TutoSartup excerpt from this article:
“To reduce customer request latency while keeping costs low, our engineering team utilized Lambda provisioned concurrency with auto scaling and Graviton, which resulted in an 83% reduction in P95 latency while providing a high quality of service as we continue to scale our platform and its limit…

Cloud software as a service (SaaS) companies are often looking for ways to enhance their architectures for performance and cost-efficiency. Serverless technologies offload infrastructure management, allowing development teams to focus on innovation and delivering business value. As application architectures grow and face more demanding requirements, continued optimization helps maximize both the technical and financial advantages of the serverless approach.
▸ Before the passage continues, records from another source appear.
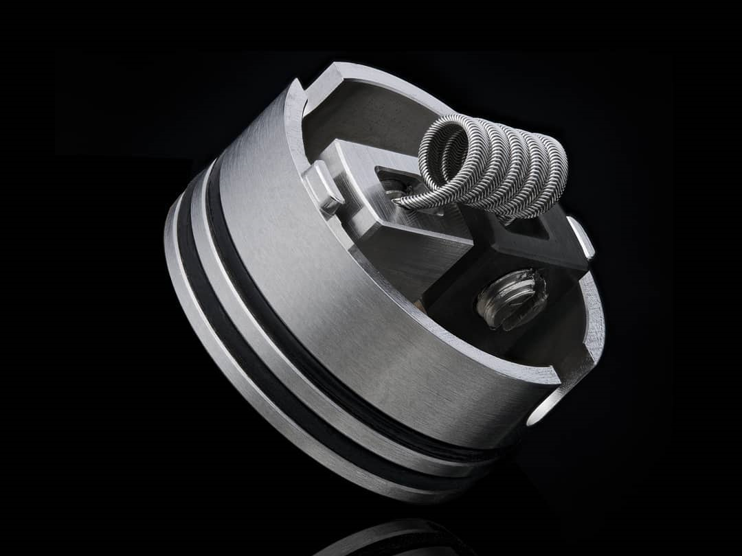 Под минималистичным куполом скрывается дека с двумя прямоугольными стойками, осуществляющими вертикальную фиксацию одной либо двух спиралей. Ножки устанавливаются сверху в просторные слоты и прижимаются по бокам винтами под прямую отвёртку, для доступа к ним, в бортах деки имеются прорези. Настройка затяжки происходит при повороте топкепа, разнообразие отверстий на его стенках позволяет отрегулировать обдув как в тугой, так и в свободной манере. Имеется сквонк-пин.
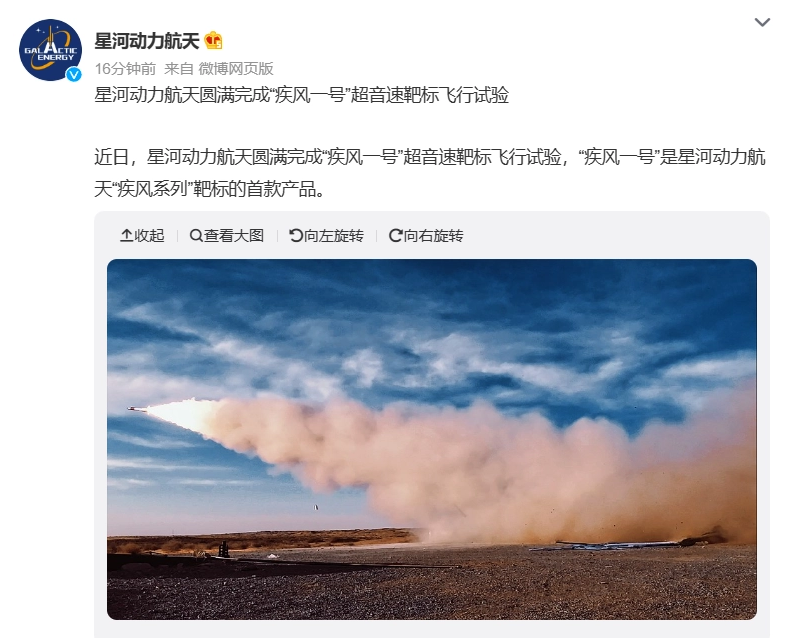原標題:字少事大系列:星河動力航天完成“疾風一號”超音速靶標飛行試驗
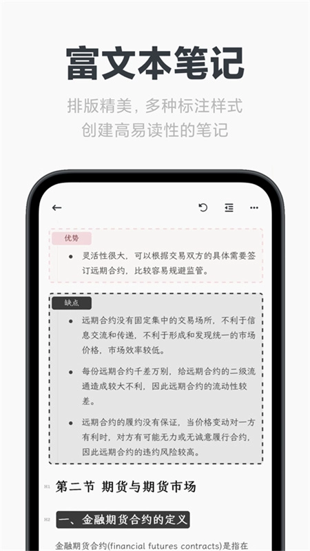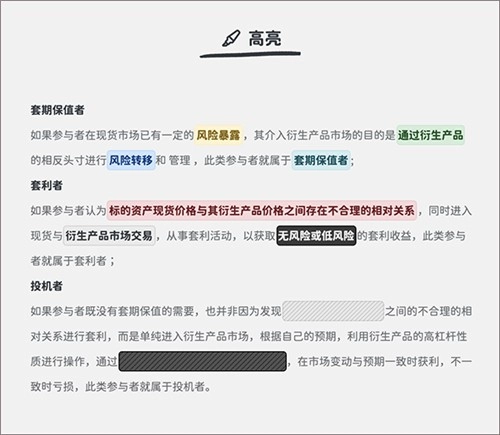 外框可框选部分段落设置外框并编辑外框标题,提供七种不同颜色外框供选择,高亮支持七种不同高亮颜色标记笔记重点和两种挖空颜色隐藏挖空内容,折叠展开可对标题、列表段落点击段落前面的进行折叠或展开,还有备注、注解、大纲等功能。
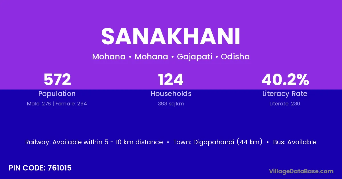 Digapahandi (44 km) is the nearest town to Sanakhani village for major economic activities and is located approximately 44 km away.
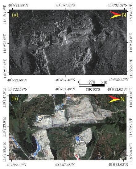 Monostatic spotlight image processed using MoBulk_FBP. (a) The monostatic spotlight image; (b) the optical image of the imaging area from Google Earth.
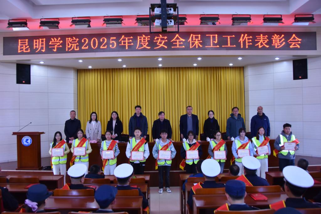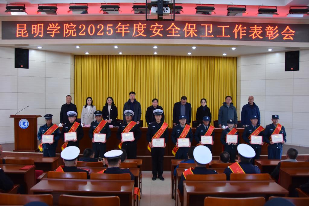 12月29日,学校召开2025年度安全保卫工作表彰会。学校党委委员、副校长彭志远出席表彰会。职能部门党委、学生处、资产与实验室管理处、实训基地管理中心及云南中和保安服务(集团)有限公司相关负责人、保卫处全体教职工、驻校保安大队和学生治安服务队队员参加,保卫处处长喻玲主持。

In this post, we discuss Smartsheet’s journey optimizing its serverless architecture. We explore the solution, the stringent requirements Smartsheet faced, and how they’ve achieved an over 80% latency reduction. This technical journey offers valuable insights for organizations looking to enhance their serverless architectures with proven enterprise-grade optimization techniques.

Solution overview

Smartsheet is a leading cloud-based enterprise work management platform, enabling millions of users worldwide to plan, manage, track, automate, and report on work at scale. At the core of the platform lies an event-driven architecture that processes real-time user activity across various document types. Given the collaborative nature of the platform, multiple users can work on these documents concurrently. Every document interaction triggers a series of events that must be processed with minimal latency to maintain data consistency and provide immediate feedback. Processing delays can impact user experience and productivity, making consistently low latency a fundamental business requirement.

Smartsheet’s traffic pattern is spiky during business hours and mostly dormant during nights and weekends. Within peak periods, traffic can fluctuate as users collaborate in real time. To efficiently manage dynamic workloads, which can surge from hundreds to tens of thousands of events per second within minutes, Smartsheet implements a serverless event processing architecture using services such as Amazon Simple Queue Service (Amazon SQS) and AWS Lambda. This architecture uses the elasticity of serverless services and the ability to automatically scale dynamically based on the traffic volume. It makes sure Smartsheet can efficiently handle sudden traffic surges while automatically scaling down during off-peak hours, optimizing for both performance and cost-efficiency.

The following diagram illustrates the high-level architecture of the Smartsheet event processing pipeline.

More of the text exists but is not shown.